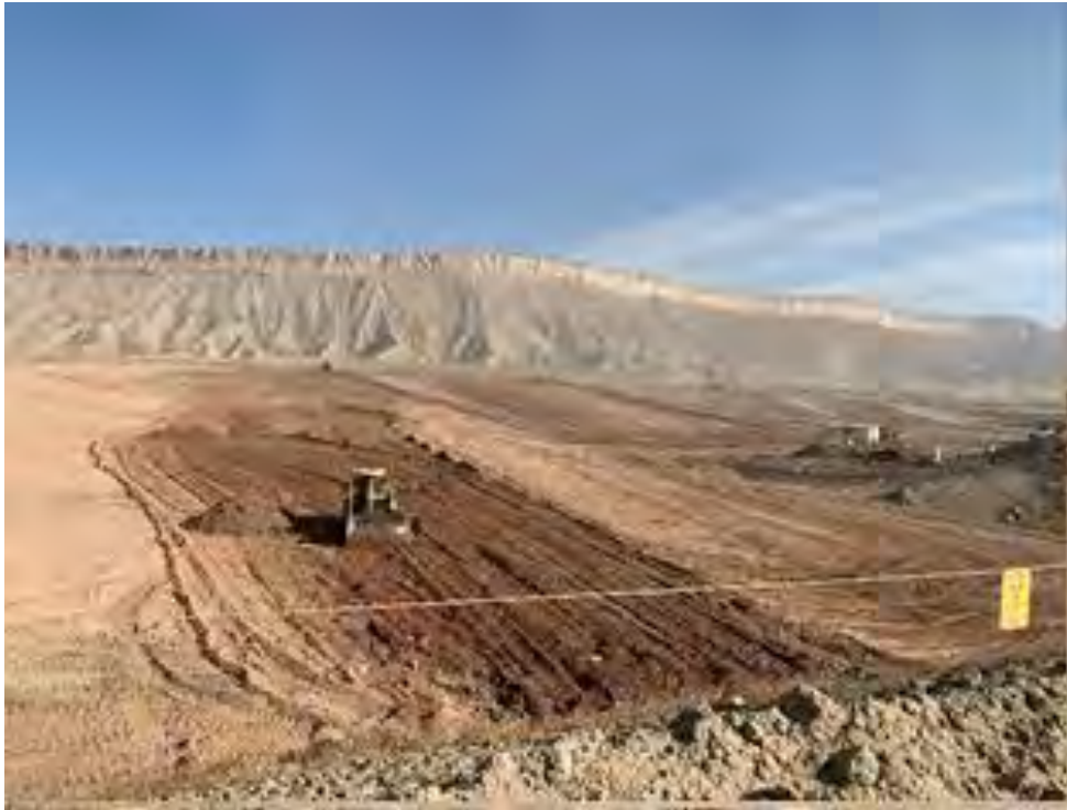
Photo 18. Dozer placing material October 2020
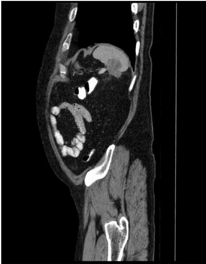
Figure 1. Computerized tomography imaging before splenectomy
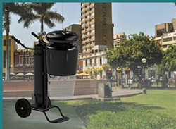
Aero one for large area upto 1 acre
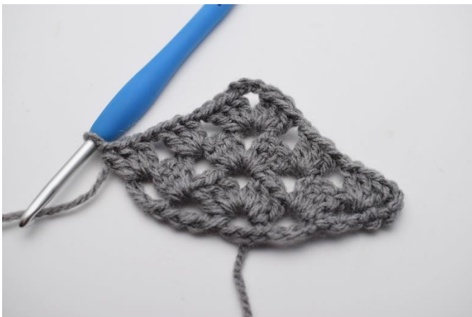
28. Crochet 1 dc cluster.

TASK TO CARRY OUT
Write out the data again word for word, minus any images.

EXERCISE OUTPUT
Photo 18. Dozer placing material October 2020
Figure 1. Computerized tomography imaging before splenectomy
Aero one for large area upto 1 acre
28. Crochet 1 dc cluster.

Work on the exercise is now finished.